Researchers from the National Cancer Institute in Bethesda, Maryland, United States, followed 44,241 women in this study for approximately 20 years. "Women who used ERT, particularly for 10 or more years, were at significantly increased risk of ovarian cancer," they say.
"We observed an elevated risk of ovarian cancer among long-term ERT users with hysterectomy and among ERT users without hysterectomy who had switched to estrogen-progestin replacement therapy (EPRT)."
They point out that women using short-term EPRT only were not found to be at increased risk, "but risk associated with EPRT remains unclear."
The investigators, led by Dr.

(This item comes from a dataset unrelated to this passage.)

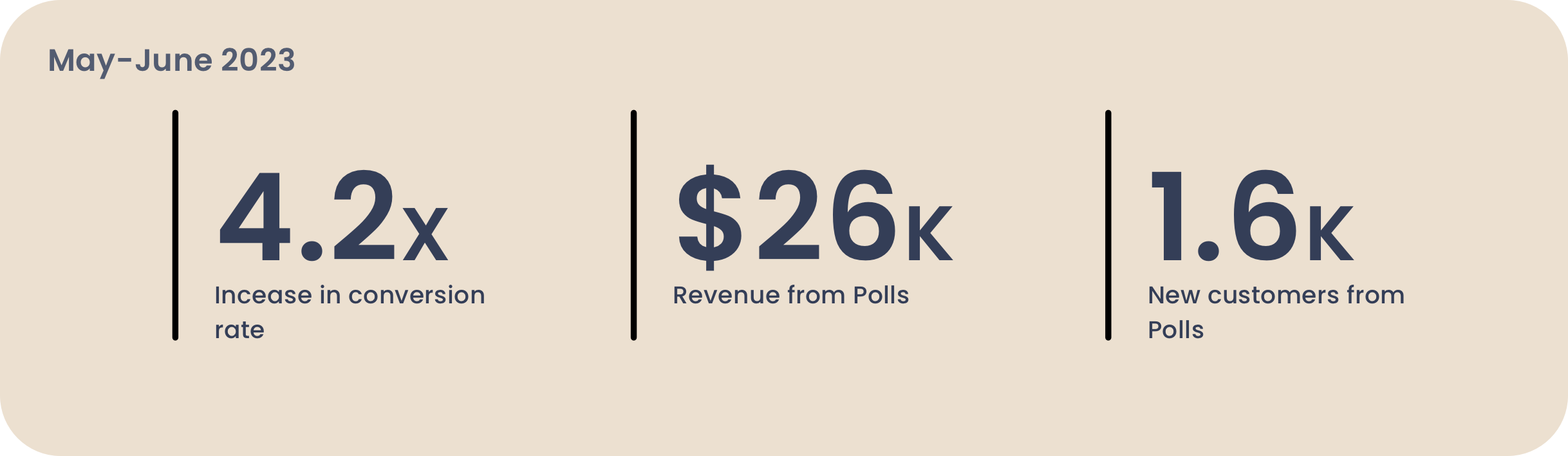 With 12th Tribe, we measured the conversion rate of the new users that came in from Polls and saw a 4.2x increase in conversion rate compared to the average visitor, and a massive increase in AOV as well.

James Lacey Jr,. suggest use of ERT and EPRT affects both breast and endometrial cancer risk differentially and may do the same for ovarian cancer. They say additional data is needed, particularly on duration, dose and regimen.

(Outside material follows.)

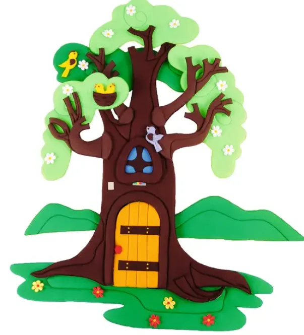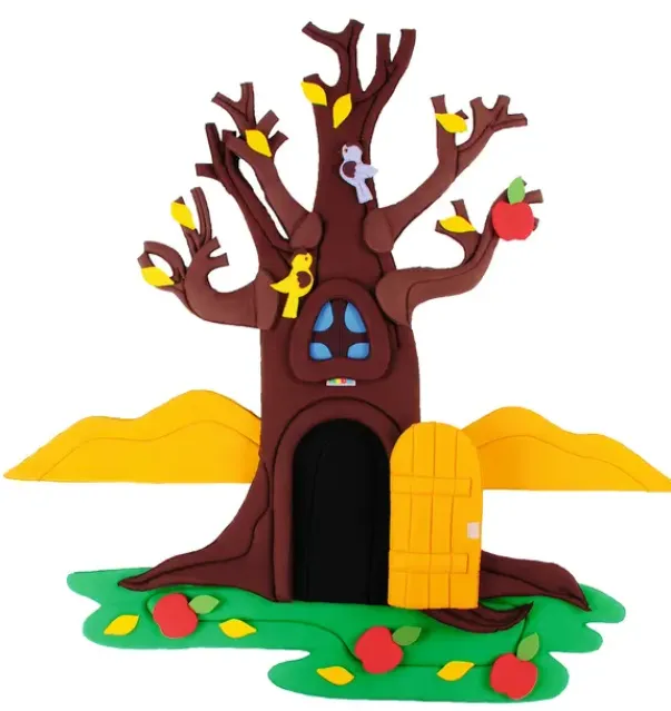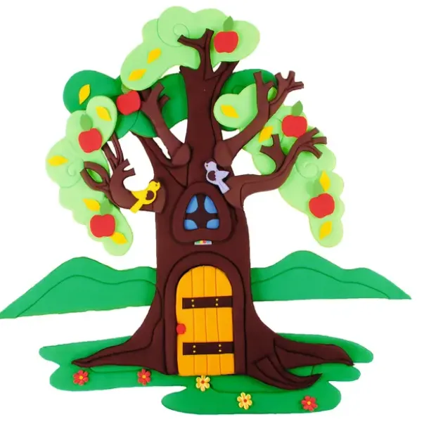 Veggdekorasjon epletre i 4 årstider. Laget av skum og dekket med stoff. Størrelse 130 x 80 cm. 39 deler som kan flyttes.

Participants in the 1979 to 1998 cohort study had also participated in the US Breast Cancer Detection Demonstration Project. The US-wide breast cancer-screening program included women attending 29 clinics. Mean age at start of follow-up was 56.6 years.
Three hundred and twenty nine women were found to develop ovarian cancer.
The researchers found ever-use of ERT was significantly associated with ovarian cancer in time-dependent analyses adjusted for age, menopause type and oral contraceptive use. The rate ratio (RR) was 1.6.
Increased duration of ERT use was significantly associated with risk. The RR for 10 to 19 years of use was 1.8; the RR for 20 or more years of use was 3.2.
A 7 percent increase in RR for each year of ERT use was reported. Significantly elevated RRs with increased duration of use were found across all strata of other ovarian cancer risk factors. This included hysterectomy.
The researchers note the RR for EPRT after ERT-only was 1.5, but the RR for EPRT-only was 1.1.